Your cat does NOT hate you!!!!!!!!!!!
First of all, welcome to TCS, and I'm glad you found us! And thank you for rescuing a shelter kitty!
As a "dog" person, you're used to an animal that immediately loves you, that seems to show her appreciation in very immediate and apparent ways, and that is motivated to make you happy. Cats are quite different. You have to earn their love and trust, because they are independent and proud. They do show they love you, and they do share their appreciation - but it's something that happens over time, not right away.
They are social animals, but they are not pack animals. Unlike with dogs, they do not come preprogrammed to look to the alpha for leadership, and they do not come preprogrammed to make you happy. But once you've earned that trust - it's a very different kind of bond than you get with a dog. And when you've worked so hard to earn it, it's really rather remarkable and incredible and something that feels quite wonderful. In fact, I'd have to say that it's a bond between human and animal like no other.
Cats are not genetically programmed to make people happy. (Can I say this like a million more times?

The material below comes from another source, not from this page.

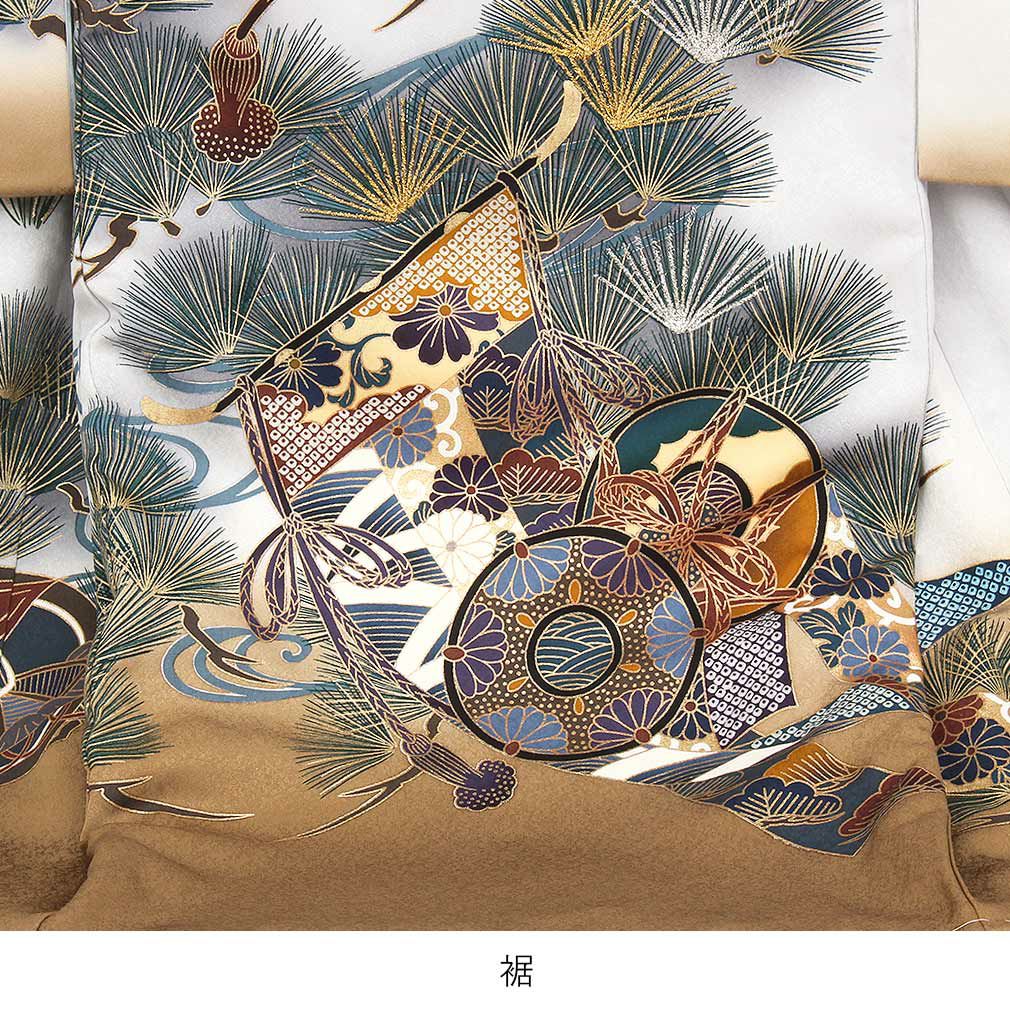 裾に描かれた几帳や鼓には、縁起のよいとされる吉祥文様が所狭しと描かれており、お子様の繁栄や成長を願います。

) They are genetically programmed to keep watch over their territory. So changing a cat's territory is traumatic to kitty. Their initial reaction is fear. Your kitty has just been very traumatized, being moved around. He was happy and loving because he'd made the cage his territory, and he knew it was safe.
For now, his territory is his crate, and the bathroom. He started to explore a bigger territory - and in his mind horrible things happened to him! He got trapped, a strange person pushed and shoved and him - and that strange person's smell is all OVER the place!
As he comes to feel safe, he will slowly expand his territory. But the crate or the bathroom may be kitty's territory for a little while. Cats operate on their own schedule, so the less you have some kind of time frame in your mind, the happier you (and he) will be.
But until he's learned that the human in the same space with him is not any kind of threat, he'll probably keep to a very small territory. Or, if you leave the bathroom door open at night and when you're not away, he'll come out to explore when you're not around.
What you can do to help him learn that you're not a threat to him and to make him more comfortable:
1) Sit on the bathroom floor and read out loud.
2) Get a radio and tune it to a classical station, playing softly in there.
3) Ignore him at first when he shows interest in you.
I KNOW you want to pick him up and let him know how loved he is - but he doesn't get that yet! First he needs to figure out you don't actually mean him harm. As he figures out you're not a threat, you can work on getting him to associate you with good things:
4) Get a couple of old t-shirts really sweaty. Put one of these under his food dish.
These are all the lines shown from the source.